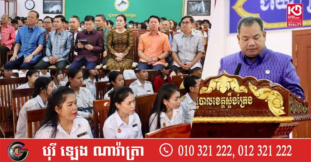 (ស្ទឹងត្រែង)៖ រដ្ឋបាលខេត្តស្ទឹងត្រែង សហការជាមួយមន្ទីរវប្បធម៌ និងវិចិត្រសិល្បៈខេត្ត បានរៀបចំមិទ្ទិញអបអរសាទរទិវាវប្បធម៌ជាតិ ៣ មីនា លើកទី២៨ ឆ្នាំ២០២៦ ក្រោមប្រធានបទ «យុវជន ដើម្បីវប្បធម៌ជាតិ» នៅសាលប្រជុំធំ សាលាខេត្តស្ទឹងត្រែង នៅរសៀលថ្ងៃទី១៩ ខែមីនា ឆ្នាំ២០២៦។
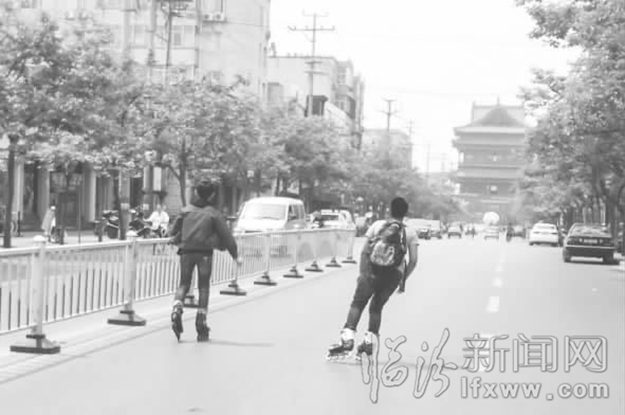 臨汾新聞網訊 5月1日13時許,在市區鼓樓東大街,兩名少年在街道上輪滑競賽,其中一名少年在快速滑行時還耍起了“花樣”,在兩個車道間來回穿梭。
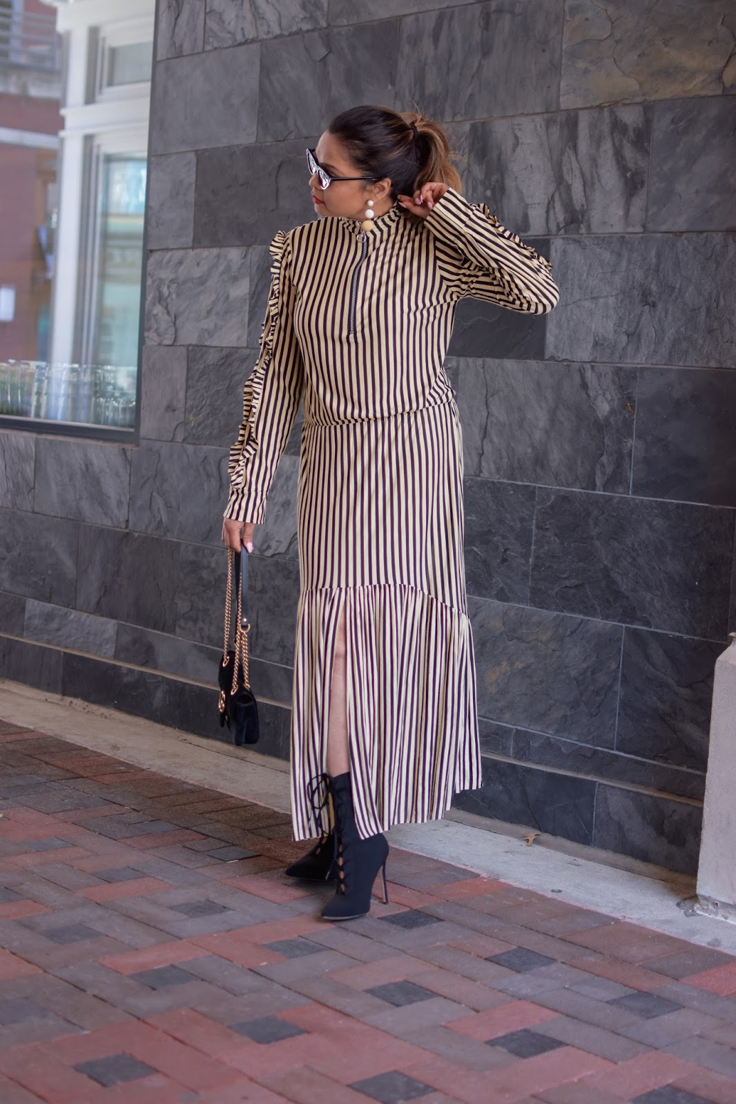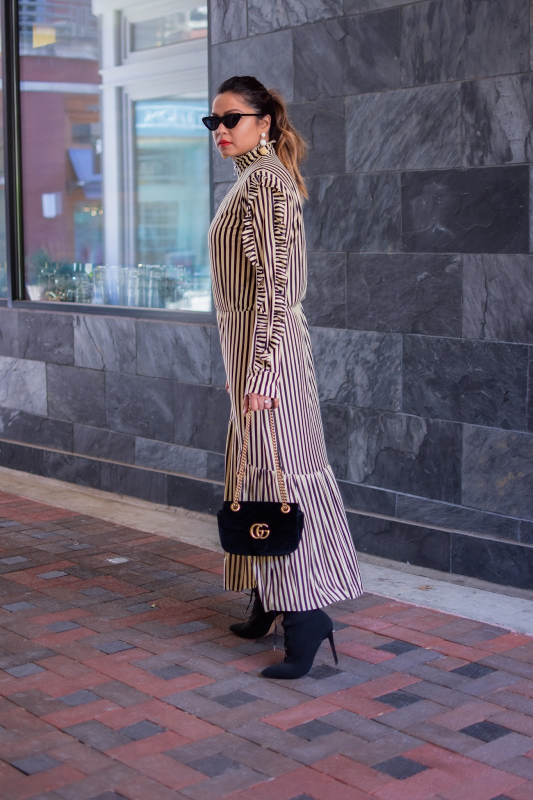 I don’t have the conventional 9-5 desk job, its a real flexible job. As for my office attire, there is no set dress code per se, but I like to maintain the workplace ethics. You would rarely see me in a structured pant suit, but you won’t find me in mini skirts either. I like to keep my clothing conservative and workspace appropriate. For instance I would wear that high-neck dress to work with those black booties, but in case a blogger event requires my presence later, how would I tweak my look to a more fashionable one???
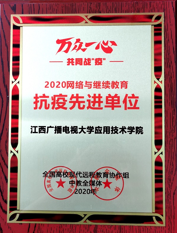 大会开幕式上举行了“2020网络与继续教育抗疫先进单位”颁奖。江西广播电视大学应用技术学院由于在疫情期间保障“停课不停学”方面做出的突出贡献,为国家开放大学、网络与继续教育行业赢得了良好的社会口碑,被全国高校现代远程教育协作组、中教全媒体评选为“2020网络与继续教育抗疫先进单位”。
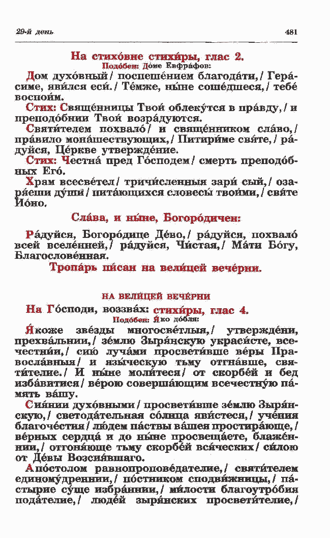 прехвальнии, / землю Зырянскую украсйсте, все- честнйи,/ сию лучами просветивше веры Пра- вославный/ и языческую тьму отгнавше, свя- тйтелие./ И ныне молйтеся/ от скорбей и бед избавится/ верою совершающим всечестную па- мять вашу. Сиянии духовными/ просветивше землю Зырян-
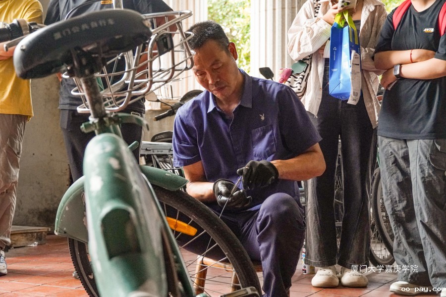 校内修车铺的爷爷教导志愿者们维修损坏的小绿
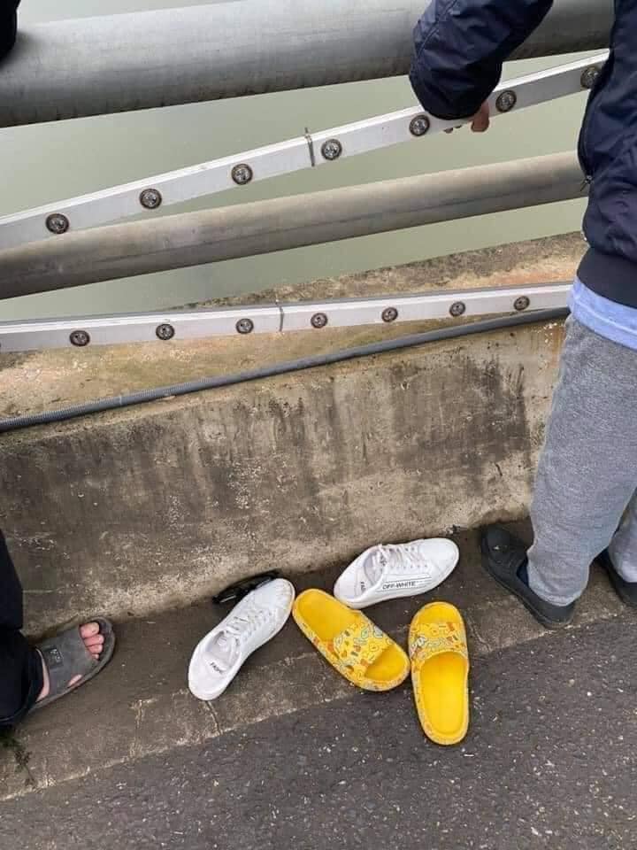 Cách đây ít giờ, dân mạng rần rần chia sẻ hình ảnh ghi lại cảnh một cặp đôi tự tử bất thành. Cụ thể, người ta chụp được ảnh của 2 đôi dép được để trên cầu. Còn chủ nhân của chúng thì được cho là đã lao xuống dòng nước rồi.
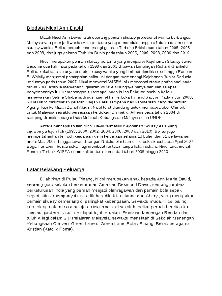 Nicol Ann David Biodata - She won the british open title in 2005, 2006 and 2008, as well as the world open title in 2005, 2006, 2008, 2009 and 2010.. David played squash when she was five years old, and received coaching at the age of eight.1 while training at the bukit dumbar squash centre, david was talent spotted by ee phoeh hoon,33 who led her to represent. 29%(7)29% found this document useful (7 votes). Datuk nicol ann david telah dilahirkan pada tanggal 26 ogos 1983 dan lahir di pulau pinang. World champion women's squash player from penang, malaysia. Savesave biodata nicol ann david for later.
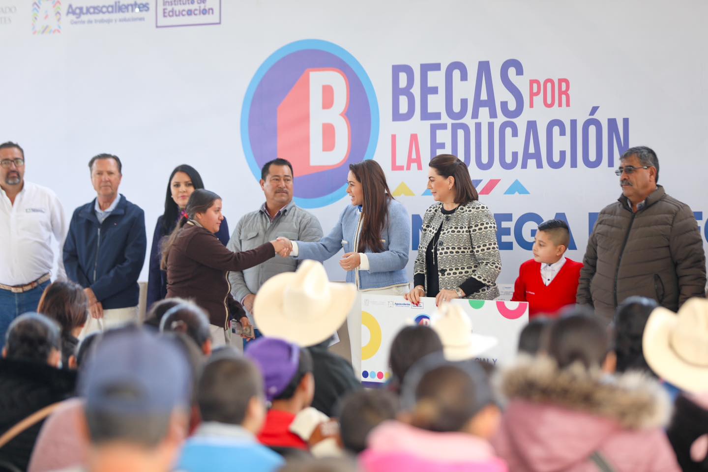 La gobernadora de Aguascalientes, Tere Jiménez, continúa con la entrega de becas a estudiantes de todo el estado, por lo que hoy visitó el municipio de El Llano, en donde entregó más de 500 de estos estímulos a niños, adolescentes y jóvenes en apoyo al transporte, titulación o para costear gastos escolares.
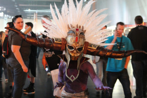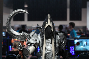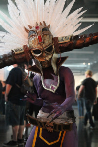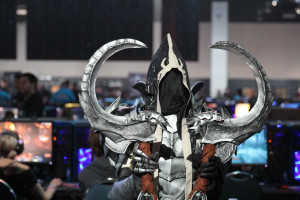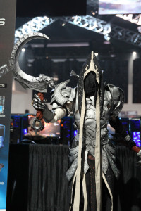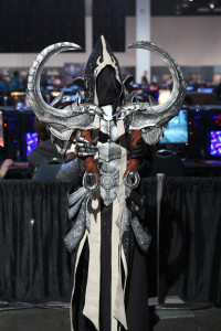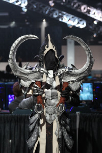 Another round of great cosplayers with Blizzard QA II Cynthia Hall as Malthael, and fans disguised as Imperious, Tyrael, Jaina, Witch Doctor, Draenei, High Inquisitor Whitemane, a Mist Creeper, a female orc and a female elf. Even a dog cosplayed dressing up as a BlizzCon 2008 Big Blizzard Bear mount. More Cosplay over at Day One photos.
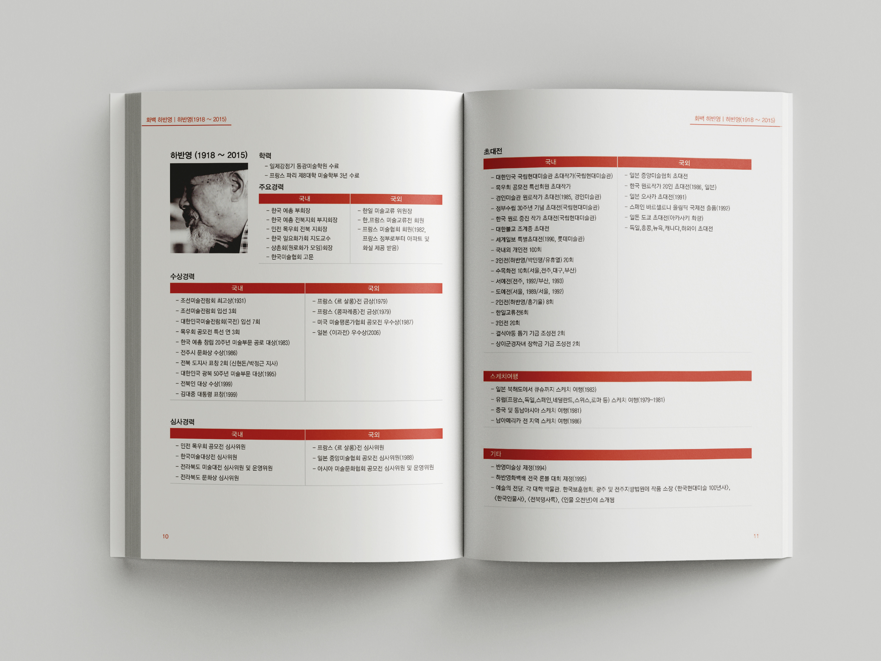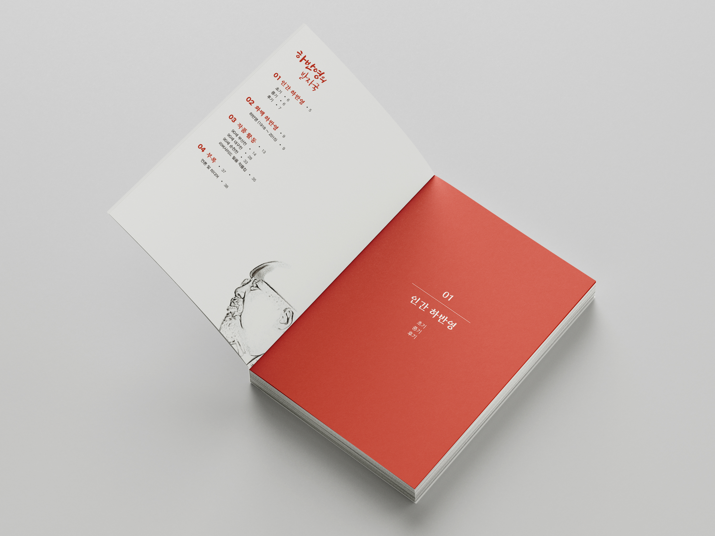 하반영의 발자국 브로슈어 하반영의 발자국 브로슈어 제작 CLIENT 전북대학교 비서실 PERIOD 2024-01-12~2024-01-26 TYPE 브로슈어 작가 하반영의 예술 인생과 작품 세계를 차분하게 기록한 브로슈어입니다. 작품 이미지와 주요 이력을 중심으로 구성해 흐름 있게 읽히도록 설계하고, 여백과 절제된 색감을 활용해 작가의 사유와 작업의 깊이가 자연스럽게 드러나도록 디자인했습니다.
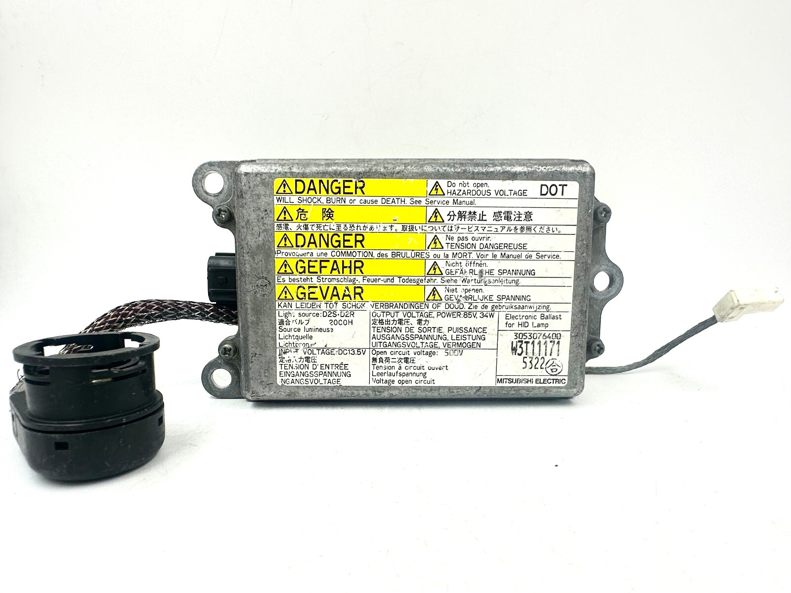 This ballast came from a different than Evolution vehicle. It is the same exact type and it fits listed cars, however, the igniter wire length is just enough to reach to the bulb

TRY IT: From the records above, quote word for word only the lines beginning at the line that has "I don’t have" and stopping after the line that has "校内修车铺的爷爷教导志愿者们维修损坏的小绿". Omit the pictures.

FINISHED TASK:
 I don’t have the conventional 9-5 desk job, its a real flexible job. As for my office attire, there is no set dress code per se, but I like to maintain the workplace ethics. You would rarely see me in a structured pant suit, but you won’t find me in mini skirts either. I like to keep my clothing conservative and workspace appropriate. For instance I would wear that high-neck dress to work with those black booties, but in case a blogger event requires my presence later, how would I tweak my look to a more fashionable one???
 大会开幕式上举行了“2020网络与继续教育抗疫先进单位”颁奖。江西广播电视大学应用技术学院由于在疫情期间保障“停课不停学”方面做出的突出贡献,为国家开放大学、网络与继续教育行业赢得了良好的社会口碑,被全国高校现代远程教育协作组、中教全媒体评选为“2020网络与继续教育抗疫先进单位”。
 прехвальнии, / землю Зырянскую украсйсте, все- честнйи,/ сию лучами просветивше веры Пра- вославный/ и языческую тьму отгнавше, свя- тйтелие./ И ныне молйтеся/ от скорбей и бед избавится/ верою совершающим всечестную па- мять вашу. Сиянии духовными/ просветивше землю Зырян-
 校内修车铺的爷爷教导志愿者们维修损坏的小绿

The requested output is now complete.